──────── Given data ────────

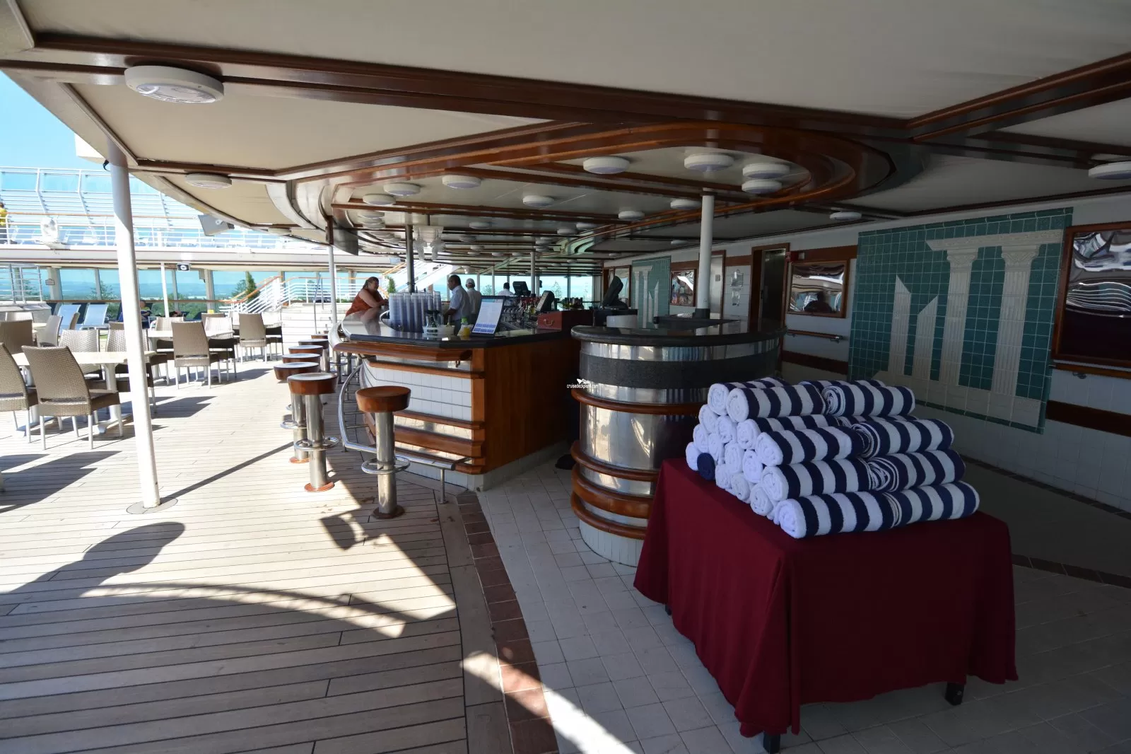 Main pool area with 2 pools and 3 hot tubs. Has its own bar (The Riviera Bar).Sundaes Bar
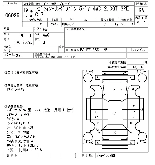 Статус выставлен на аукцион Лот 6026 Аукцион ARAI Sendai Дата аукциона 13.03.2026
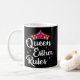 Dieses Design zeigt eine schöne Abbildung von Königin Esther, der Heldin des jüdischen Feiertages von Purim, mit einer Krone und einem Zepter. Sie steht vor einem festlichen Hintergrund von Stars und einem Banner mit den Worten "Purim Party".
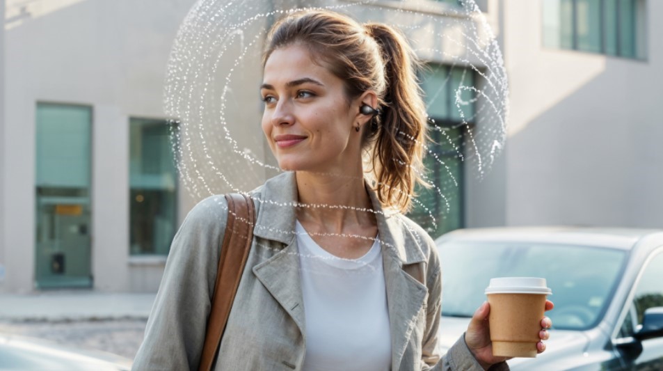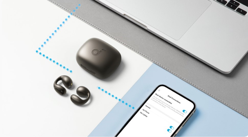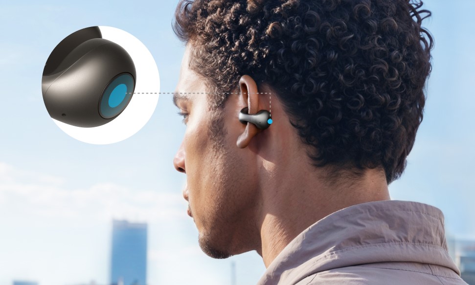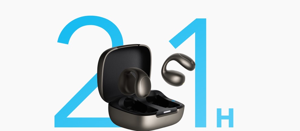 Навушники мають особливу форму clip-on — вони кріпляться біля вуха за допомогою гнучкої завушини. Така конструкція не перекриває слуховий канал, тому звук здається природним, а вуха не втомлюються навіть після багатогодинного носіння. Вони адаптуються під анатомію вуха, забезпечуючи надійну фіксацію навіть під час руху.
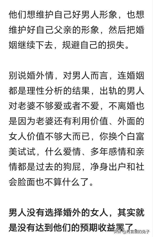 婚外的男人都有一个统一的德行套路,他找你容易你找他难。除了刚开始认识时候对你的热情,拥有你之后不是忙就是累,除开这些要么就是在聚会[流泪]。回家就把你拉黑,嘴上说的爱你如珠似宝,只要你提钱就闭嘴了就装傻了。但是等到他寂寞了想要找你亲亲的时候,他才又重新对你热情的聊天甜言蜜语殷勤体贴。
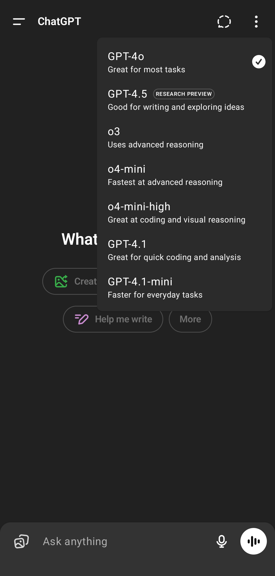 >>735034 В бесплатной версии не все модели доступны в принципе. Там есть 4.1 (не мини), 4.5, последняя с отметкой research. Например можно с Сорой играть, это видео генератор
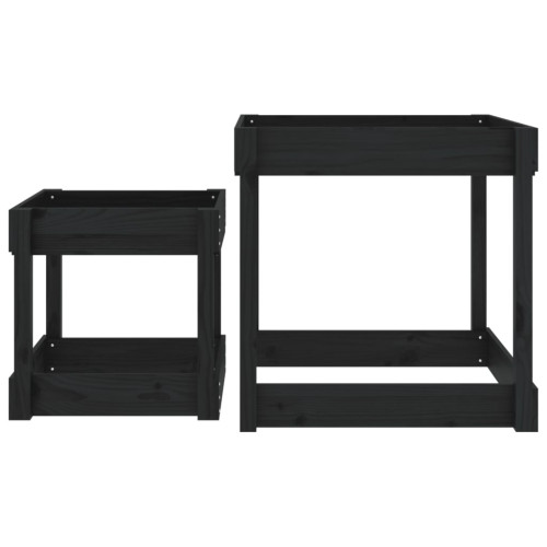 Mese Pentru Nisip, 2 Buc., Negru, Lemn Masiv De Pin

────────

Instructions to follow | From the line with "婚外的男人都有一个统一的德行" down to the final line of the entries above, repeat each line exactly; omit the pictures.

Output below |
 婚外的男人都有一个统一的德行套路,他找你容易你找他难。除了刚开始认识时候对你的热情,拥有你之后不是忙就是累,除开这些要么就是在聚会[流泪]。回家就把你拉黑,嘴上说的爱你如珠似宝,只要你提钱就闭嘴了就装傻了。但是等到他寂寞了想要找你亲亲的时候,他才又重新对你热情的聊天甜言蜜语殷勤体贴。
 >>735034 В бесплатной версии не все модели доступны в принципе. Там есть 4.1 (не мини), 4.5, последняя с отметкой research. Например можно с Сорой играть, это видео генератор
 Mese Pentru Nisip, 2 Buc., Negru, Lemn Masiv De Pin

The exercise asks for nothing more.